# EXERCISE
Repeat exactly, and only, the lines from the line bearing "各紙は申し合わせたように「少" through the end of the material. Do not copy the pictures.

# DATA PROVIDED
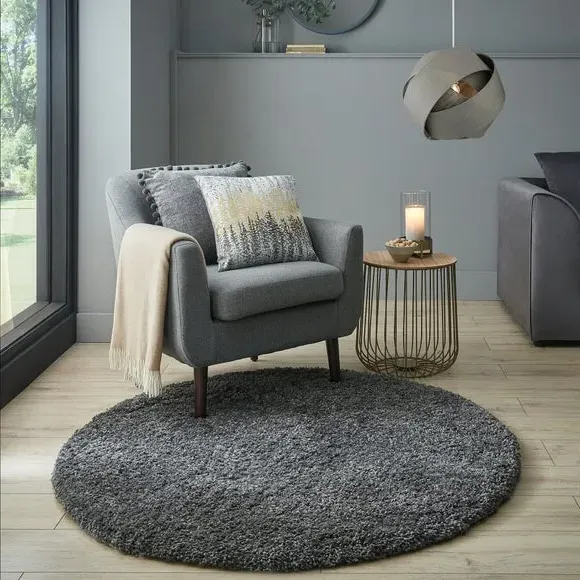 The round shaggy rug offers lasting comfort with its thick 5cm pile that bounces back after use. Crafted from synthetic fibres, it provides easy maintenance and durability, while the plush texture adds warmth underfoot. The resilient construction suits high-traffic areas, and the synthetic material ensures simple cleaning with regular vacuuming.
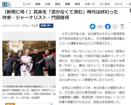 各紙は申し合わせたように「少女像の展示に批判が殺到」と報じ、問題を矮小化(わいしょうか)した。そして今回はリコール運動自体を黙殺したのだ。この運動に対して大阪の吉村洋文知事や名古屋の河村たかし市長まで賛意を表明するなど、ニュース性は高い。それでも新聞は「報道しない自由」を行使したのである。
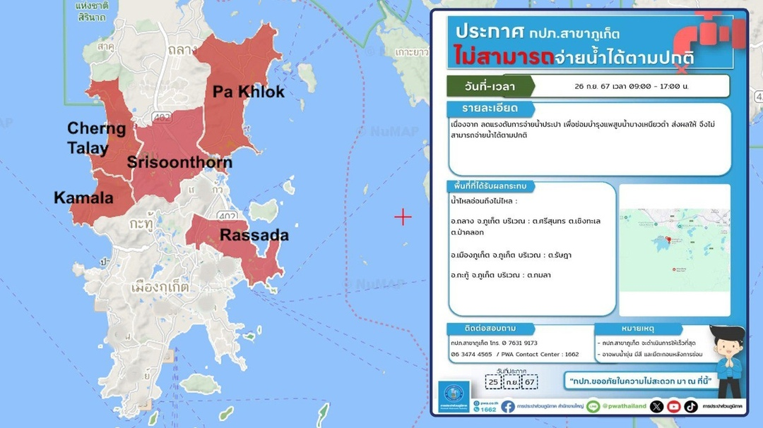 Информация о ремонте была опубликована только вчера во второй половине дня и распространена Департаментом связей с общественностью Пхукета, который, как правило, игнорирует плановые работы PWA.

# RESULT
 各紙は申し合わせたように「少女像の展示に批判が殺到」と報じ、問題を矮小化(わいしょうか)した。そして今回はリコール運動自体を黙殺したのだ。この運動に対して大阪の吉村洋文知事や名古屋の河村たかし市長まで賛意を表明するなど、ニュース性は高い。それでも新聞は「報道しない自由」を行使したのである。
 Информация о ремонте была опубликована только вчера во второй половине дня и распространена Департаментом связей с общественностью Пхукета, который, как правило, игнорирует плановые работы PWA.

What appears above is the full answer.